Details
-
Bug
-
Resolution: Fixed
-
Major
-
None
-
None
-
3
-
9223372036854775807
Description
New clients were unable to establish a connection to the MDT, even after recovery had been aborted due to an llog context not being set up properly. The clients were permanently getting -11 = -EAGAIN errors from the server:
(service.c:2298:ptlrpc_server_handle_request()) Handling RPC req@ffff8cdd37ad0d80 pname:cluuid+ref:pid:xid:nid:opc:job mdt09_0 01:0+-99:4093:x1719493089340032:12345-10.16.172.159@tcp:38: (service.c:2303:ptlrpc_server_handle_request()) got req 1719493089340032 (tgt_handler.c:736:tgt_request_handle()) Process entered (ldlm_lib.c:1100:target_handle_connect()) Process entered (ldlm_lib.c:1360:target_handle_connect()) lfs02-MDT0003: connection from 16778a5c-5128-4231-8b45-426adc7e94b6@10.16.172.159@tcp t55835524055 exp (null) cur 51537 last 0 (obd_class.h:831:obd_connect()) Process entered (mdt_handler.c:6671:mdt_obd_connect()) Process entered (lod_dev.c:2136:lod_obd_get_info()) lfs02-MDT0003-mdtlov: lfs02-MDT0001-osp-MDT0003 is not ready. (lod_dev.c:2145:lod_obd_get_info()) Process leaving (rc=18446744073709551605 : -11 : fffffffffffffff5) (ldlm_lib.c:1446:target_handle_connect()) Process leaving via out (rc=18446744073709551605 : -11 : 0xfffffffffffffff5) (service.c:2347:ptlrpc_server_handle_request()) Handled RPC req@ffff8cdd37ad0d80 pname:cluuid+ref:pid:xid:nid:opc:job mdt09_001:0+-99:4093:x1719493089340032:12345-10.16.172.159@tcp:38: Request processed in 86us (124us total) trans 0 rc -11/-11
This corresponds to the following block of code in lod_obd_get_info(), where it is the second "is not ready" message being printed from the missing ctxt->loc_handle:
lod_foreach_mdt(d, tgt) { struct llog_ctxt *ctxt; if (!tgt->ltd_active) continue; ctxt = llog_get_context(tgt->ltd_tgt->dd_lu_dev.ld_obd, LLOG_UPDATELOG_ORIG_CTXT); if (!ctxt) { CDEBUG(D_INFO, "%s: %s is not ready.\n", obd->obd_name, tgt->ltd_tgt->dd_lu_dev.ld_obd->obd_name); rc = -EAGAIN; break; } if (!ctxt->loc_handle) { CDEBUG(D_INFO, "%s: %s is not ready.\n", obd->obd_name, tgt->ltd_tgt->dd_lu_dev.ld_obd->obd_name); rc = -EAGAIN; llog_ctxt_put(ctxt); break; } llog_ctxt_put(ctxt); }
It would be useful to distinguish those two messages more clearly, e.g. "ctxt is not ready" and "handle is not ready", as minor differences in line numbers would make it difficult to distinguish them in the logs.
The root problem is that the MDT0003-MDT0001 connection wasn't completely set up due to abort_recovery_mdt (due to a different recovery error, LU-15761), and the MDS never retries to establish this connection, leaving the filesystem permanently unusable.
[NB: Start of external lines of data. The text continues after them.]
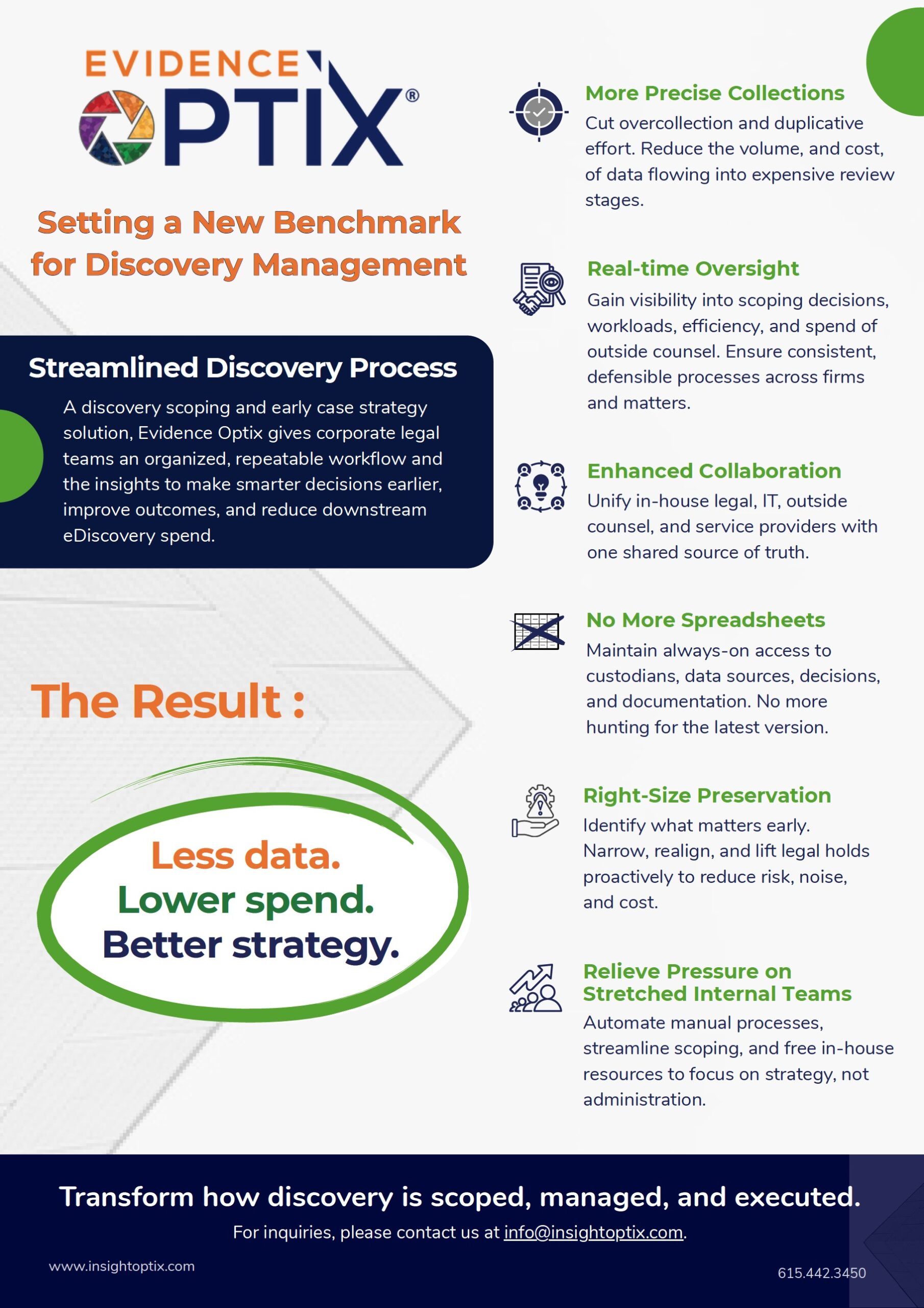 With a modern workflow that replaces scattered spreadsheets and guesswork, Evidence Optix delivers a faster, smarter way to scope discovery, understand risk, and make more informed strategic decisions earlier — before costs explode.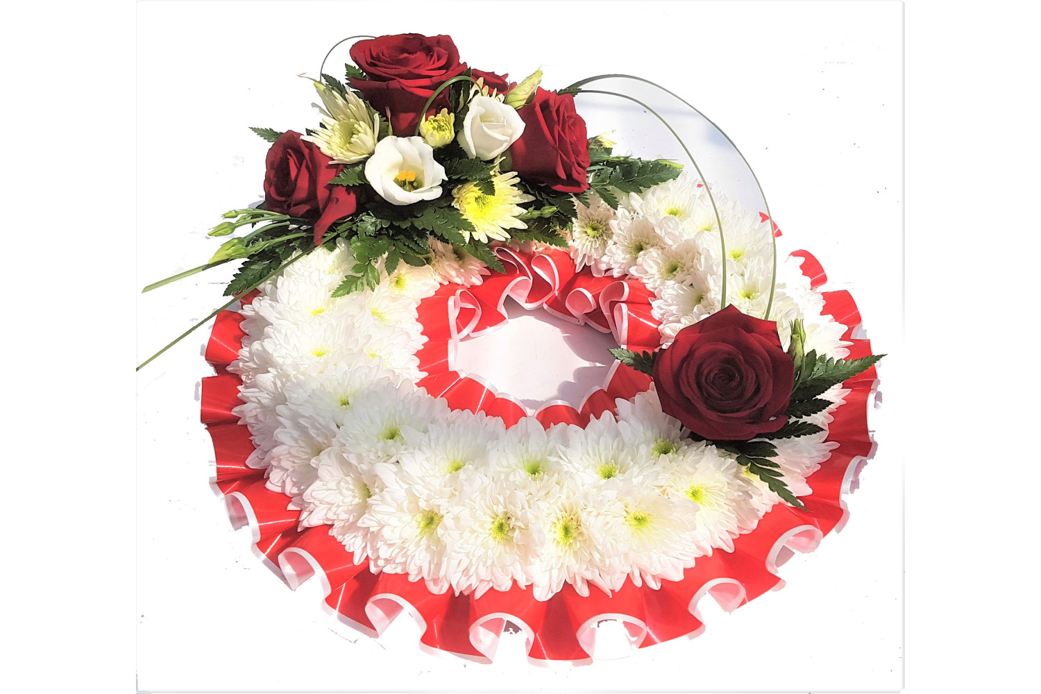 A classic selection of flowers traditional circular wreath by Alison's designer florist Maghull Liverpool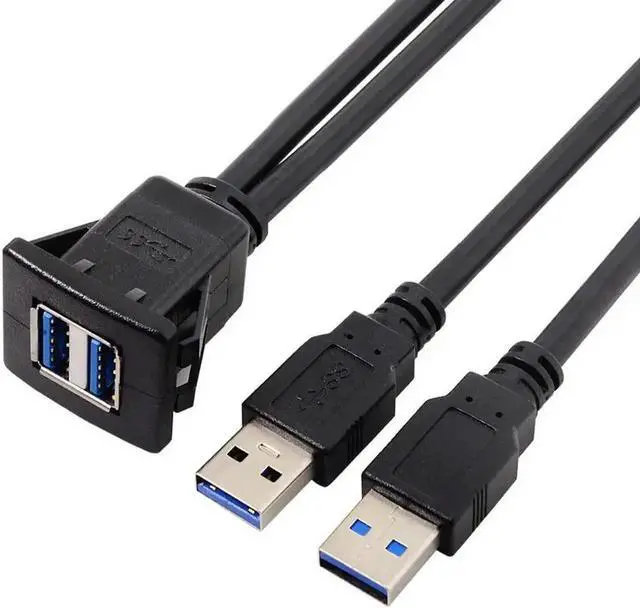 Aomoproing FOR Waterproof Dual USB 3.0 Extension Latch Mount Car AUX Cable 1m for Dashboard Panel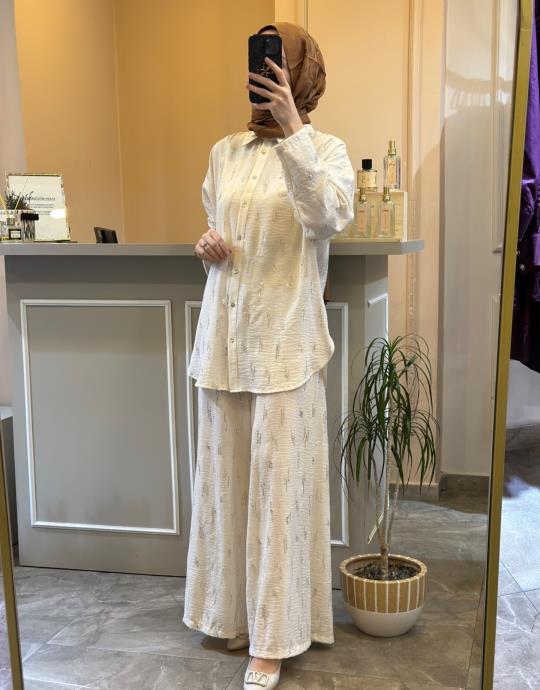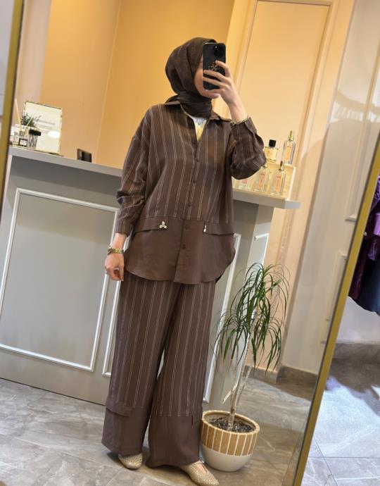 GHİSA ÜSTÜ YANDAN MODELLİ ETEKLİ TAKIM Kahve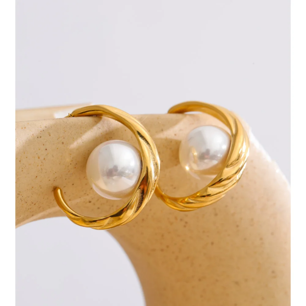 تراچي بتصميم مُنحني وسطها لؤلؤة كبيرة ،ستانلس ستيل مقاوم للخدش، طلاء ذهب 18ثابت، لايتأثر بالماء ولايسبب التحسس

Running "lctl --device NN recover" reconnected the import, but did not actually re-establish the llog context. Mounting with "-o abort_recov_mdt" resulted in the problem moving to MDT0000 (only the first bad llog context is printed before breaking out of the loop).
I think there are two issues to be addressed here:
1) the MDS should try to reconnect and rebuild the llog connection in this case, at least on recover if not automatically. there didn't appear to be any permanent reason why these llog connections were not working, just fallout from abort_recovery_mdt.
2) is it strictly necessary to block client mounting if not all MDT-MDT connections are established? Or is no different than any other case where the MDT loses a connection after it is mounted? The MDT recovery had already been aborted, so allowing new clients to connect shouldn't cause any issues. Maybe this issue would be moot if (1) was fixed, but it seems otherwise counter productive. The filesystem was apparently fully functional for clients that had previously mounted before the MDT recovery (both MDT0003/MDT0001 and MDT0001/MDT0003 remote directory creation worked fine).